■ Data for the task:
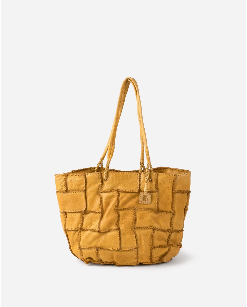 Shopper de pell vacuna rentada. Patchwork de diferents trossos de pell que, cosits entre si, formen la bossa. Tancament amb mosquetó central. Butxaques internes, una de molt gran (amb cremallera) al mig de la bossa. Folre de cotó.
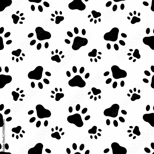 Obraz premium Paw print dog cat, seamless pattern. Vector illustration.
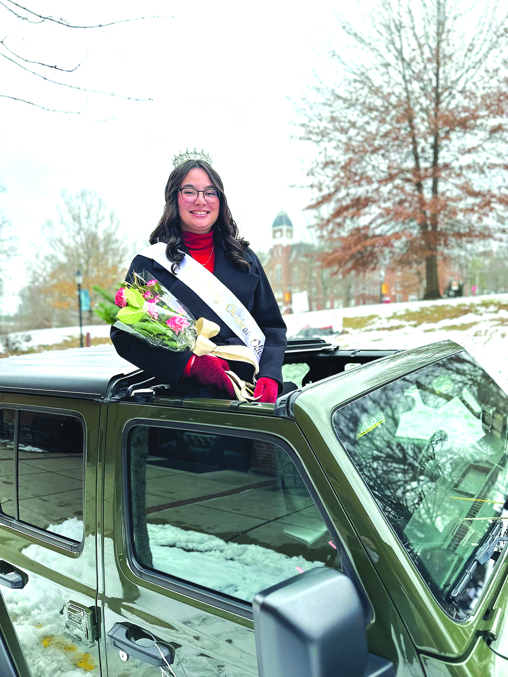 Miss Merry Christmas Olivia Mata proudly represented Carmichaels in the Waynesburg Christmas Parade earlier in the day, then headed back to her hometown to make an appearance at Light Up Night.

---

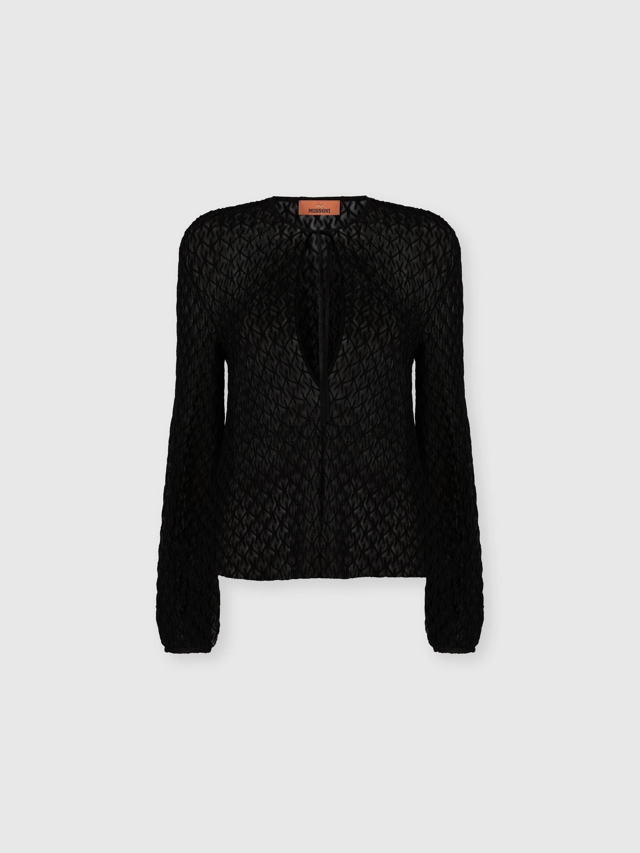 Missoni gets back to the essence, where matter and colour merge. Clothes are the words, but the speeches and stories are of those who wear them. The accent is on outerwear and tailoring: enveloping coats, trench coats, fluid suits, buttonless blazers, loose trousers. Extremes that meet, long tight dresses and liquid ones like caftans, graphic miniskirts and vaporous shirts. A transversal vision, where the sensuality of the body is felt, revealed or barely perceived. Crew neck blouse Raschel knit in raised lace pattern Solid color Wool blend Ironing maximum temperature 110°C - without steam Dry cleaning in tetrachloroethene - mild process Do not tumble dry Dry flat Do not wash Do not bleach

==

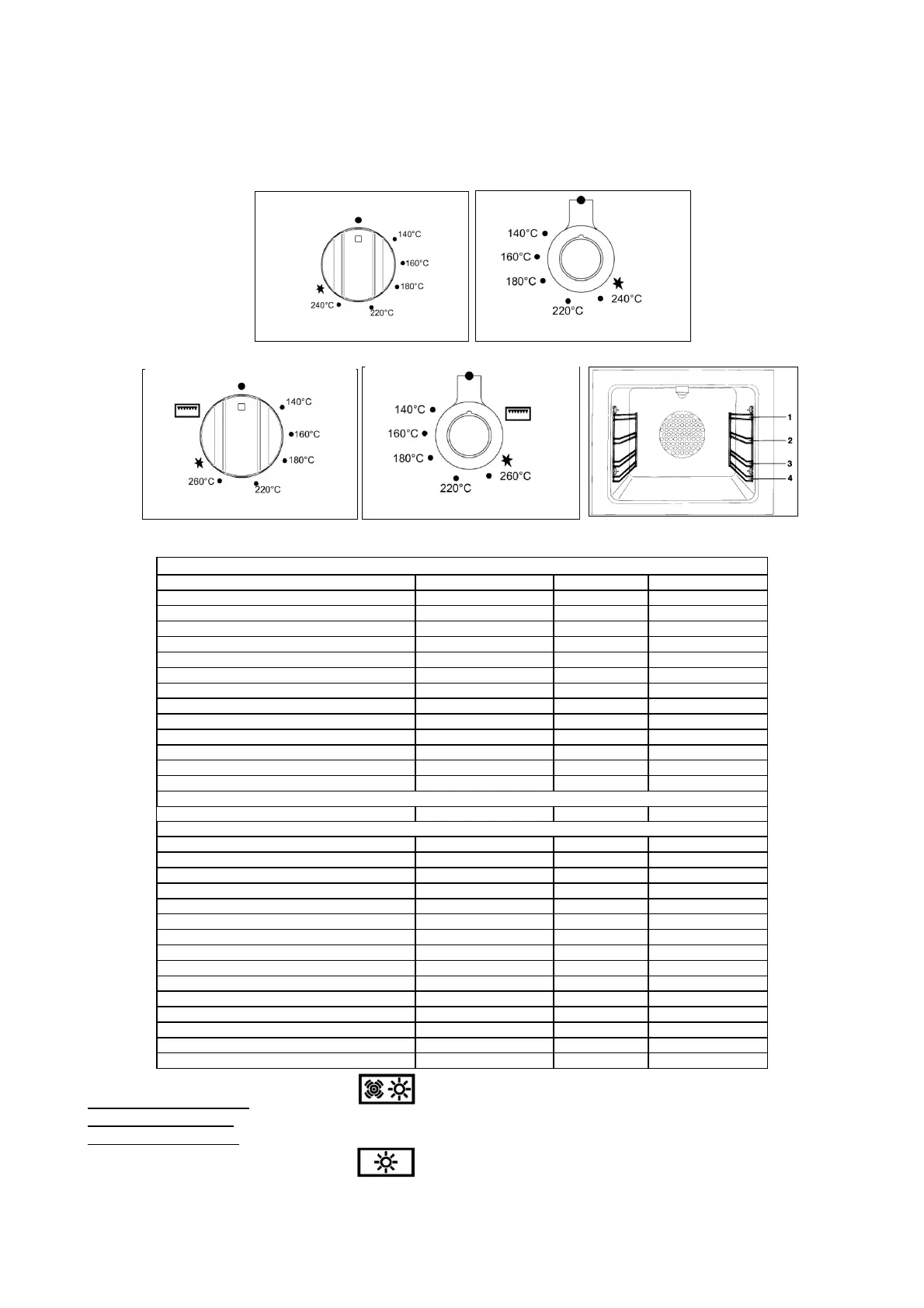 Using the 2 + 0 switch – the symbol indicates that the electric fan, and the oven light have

■ Problem:
Using the entries above, reproduce word for word only the lines from the one that contains "Obraz premium Paw" to the one that contains "Miss Merry Christmas", both ends included, and drop every picture.

■ Task result:
 Obraz premium Paw print dog cat, seamless pattern. Vector illustration.
 Miss Merry Christmas Olivia Mata proudly represented Carmichaels in the Waynesburg Christmas Parade earlier in the day, then headed back to her hometown to make an appearance at Light Up Night.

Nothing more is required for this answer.